Moreover, Riverside plans to expand its own nursing school, the Riverside School of Professional Nursing, and would like to grow it by allowing CNU faculty members to continue their teaching careers there. The Riverside Health System Foundation has already set aside $5 million to fund nursing scholarships. Ramey says the Foundation has granted about 150 scholarships each year for the past two years. “We’re getting about 500 applications a month,” he says.

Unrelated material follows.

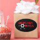 Géologie Ninja - humour scientifique - autocollant noir ovale avec lettrage rouge et étoile lance marteau de pierre.

CNU Nursing Department Chair Angela Wilson is delighted that Riverside came to the rescue of the program’s juniors and seniors. But she says the community will still suffer because her department’s 47 sophomores and 57 freshmen will have to transfer. “The sophomores and freshman chose to attend CNU because our nursing program has developed an excellent reputation at local hospitals and health care facilities,” she says.